[Task data]

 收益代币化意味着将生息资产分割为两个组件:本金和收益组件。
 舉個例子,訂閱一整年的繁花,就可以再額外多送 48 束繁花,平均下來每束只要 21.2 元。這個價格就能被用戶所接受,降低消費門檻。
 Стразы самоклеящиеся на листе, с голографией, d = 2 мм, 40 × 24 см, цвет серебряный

[/Task data]
[Task data]

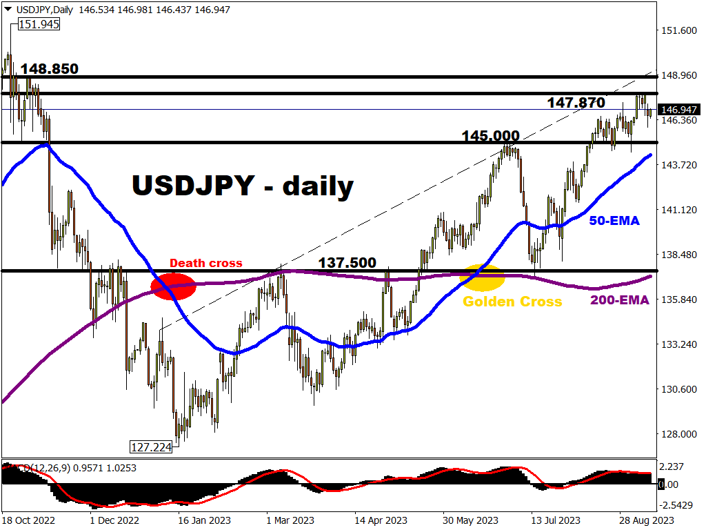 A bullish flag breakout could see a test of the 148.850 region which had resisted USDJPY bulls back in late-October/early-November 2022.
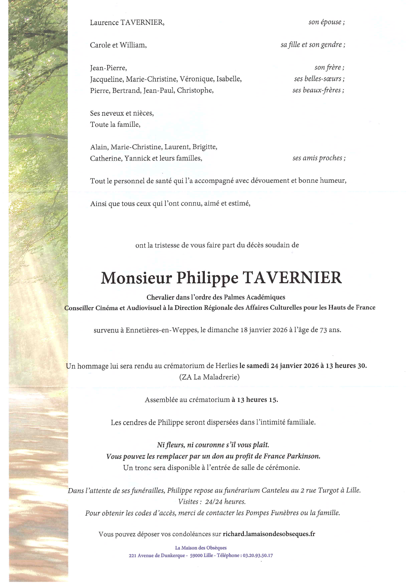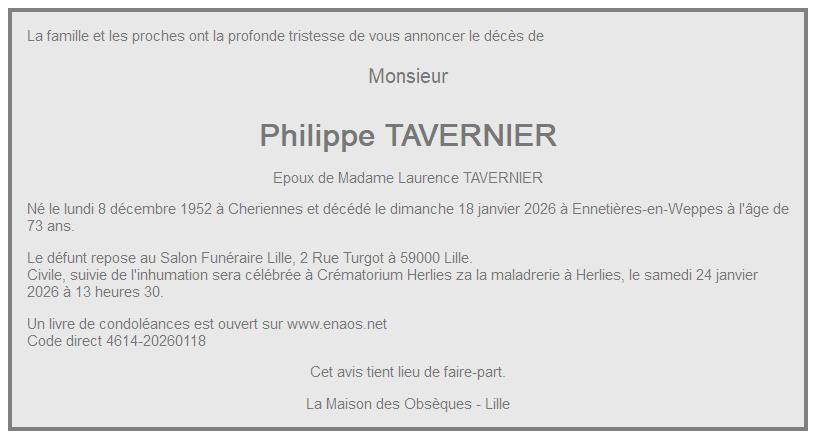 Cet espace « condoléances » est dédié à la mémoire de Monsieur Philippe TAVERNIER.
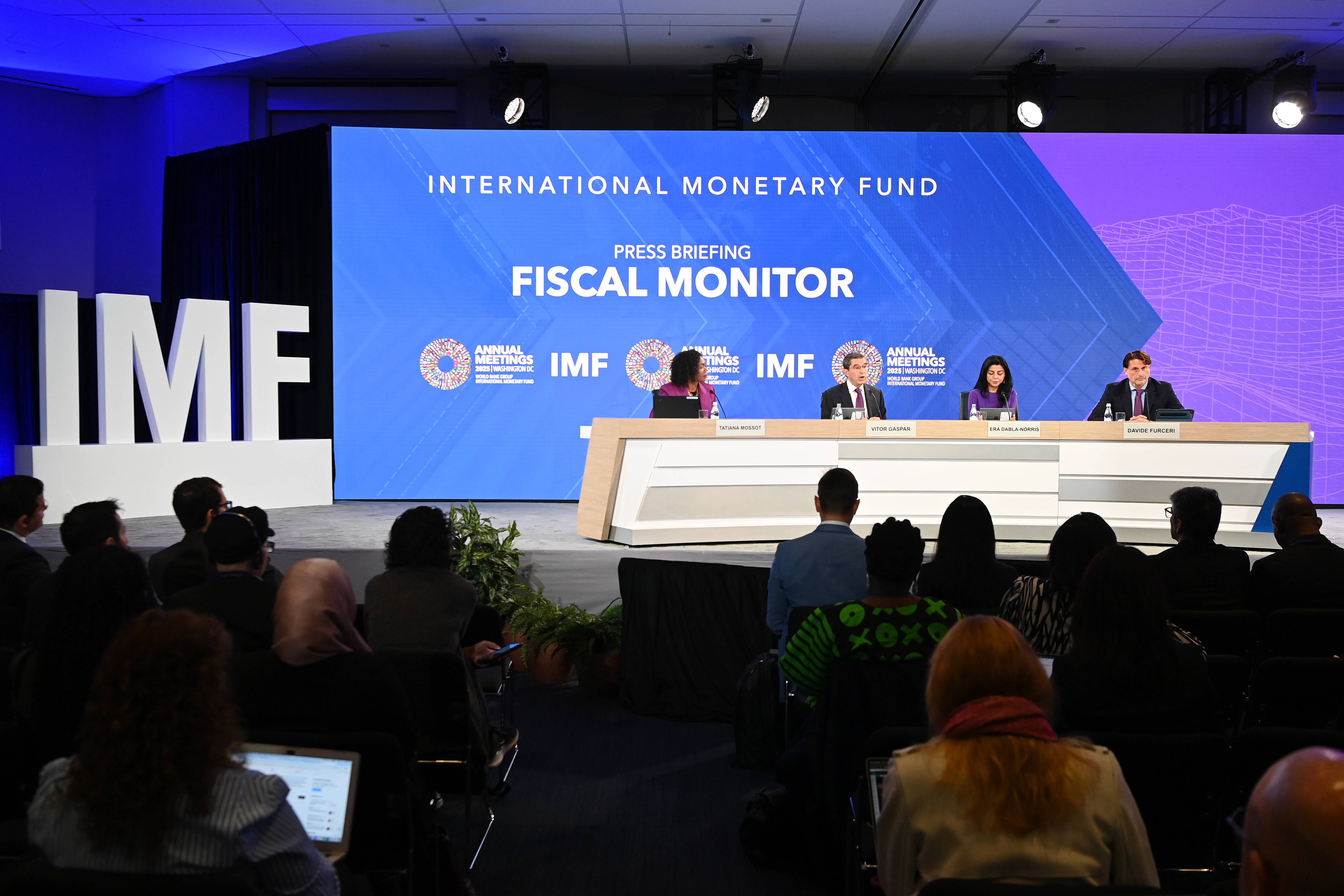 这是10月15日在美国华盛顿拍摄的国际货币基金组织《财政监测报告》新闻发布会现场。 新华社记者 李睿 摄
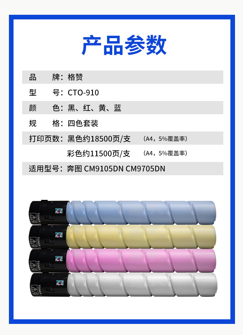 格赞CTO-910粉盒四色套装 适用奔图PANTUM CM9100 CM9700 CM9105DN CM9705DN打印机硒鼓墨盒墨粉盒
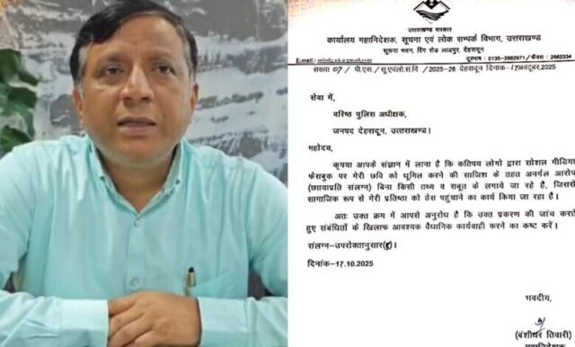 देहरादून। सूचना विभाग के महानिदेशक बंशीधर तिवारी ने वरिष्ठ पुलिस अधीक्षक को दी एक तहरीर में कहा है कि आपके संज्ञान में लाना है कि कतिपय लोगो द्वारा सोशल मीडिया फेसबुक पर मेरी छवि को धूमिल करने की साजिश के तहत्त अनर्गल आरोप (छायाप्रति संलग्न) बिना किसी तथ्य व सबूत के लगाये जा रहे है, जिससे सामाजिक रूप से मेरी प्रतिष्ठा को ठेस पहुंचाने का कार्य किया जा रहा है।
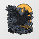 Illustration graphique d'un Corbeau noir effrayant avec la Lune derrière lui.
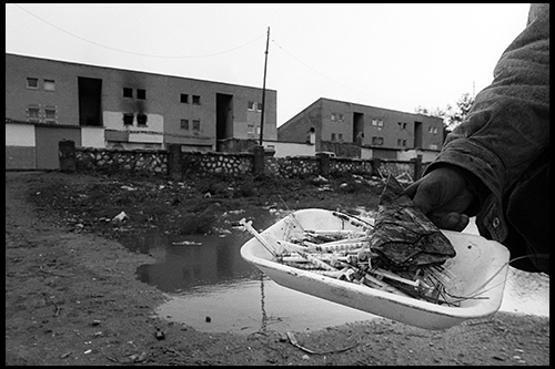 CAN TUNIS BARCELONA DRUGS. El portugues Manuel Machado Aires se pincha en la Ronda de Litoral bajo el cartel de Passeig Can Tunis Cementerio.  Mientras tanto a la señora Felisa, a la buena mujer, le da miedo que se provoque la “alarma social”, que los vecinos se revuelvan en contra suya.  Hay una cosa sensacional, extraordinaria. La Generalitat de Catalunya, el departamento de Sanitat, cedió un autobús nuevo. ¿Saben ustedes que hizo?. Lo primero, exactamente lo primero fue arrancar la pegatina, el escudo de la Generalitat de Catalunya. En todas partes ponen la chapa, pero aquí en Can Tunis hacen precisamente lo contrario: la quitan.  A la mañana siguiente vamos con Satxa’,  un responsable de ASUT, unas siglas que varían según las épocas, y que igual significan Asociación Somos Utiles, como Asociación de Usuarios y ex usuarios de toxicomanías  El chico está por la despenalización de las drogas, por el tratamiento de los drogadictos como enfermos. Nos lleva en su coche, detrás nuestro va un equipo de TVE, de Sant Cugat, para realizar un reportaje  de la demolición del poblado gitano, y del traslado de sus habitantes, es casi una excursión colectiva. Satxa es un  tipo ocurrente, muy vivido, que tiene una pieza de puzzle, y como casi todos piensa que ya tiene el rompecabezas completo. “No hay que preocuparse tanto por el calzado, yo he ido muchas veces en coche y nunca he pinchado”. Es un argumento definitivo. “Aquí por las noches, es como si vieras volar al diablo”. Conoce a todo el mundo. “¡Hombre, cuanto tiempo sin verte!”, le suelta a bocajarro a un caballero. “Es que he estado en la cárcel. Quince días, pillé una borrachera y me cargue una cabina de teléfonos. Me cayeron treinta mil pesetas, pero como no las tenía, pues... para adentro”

[/Task data]

▶ [What to do] The stretch above running from the line with "A bullish flag" through the line with "这是10月15日在美国华盛顿拍摄的国际货币基金组织《财政监测报告》新闻发布会现场。 新华社记者 李睿" is all you should copy, exactly, leaving out the pictures.

▶ [Response]
 A bullish flag breakout could see a test of the 148.850 region which had resisted USDJPY bulls back in late-October/early-November 2022.
 Cet espace « condoléances » est dédié à la mémoire de Monsieur Philippe TAVERNIER.
 这是10月15日在美国华盛顿拍摄的国际货币基金组织《财政监测报告》新闻发布会现场。 新华社记者 李睿 摄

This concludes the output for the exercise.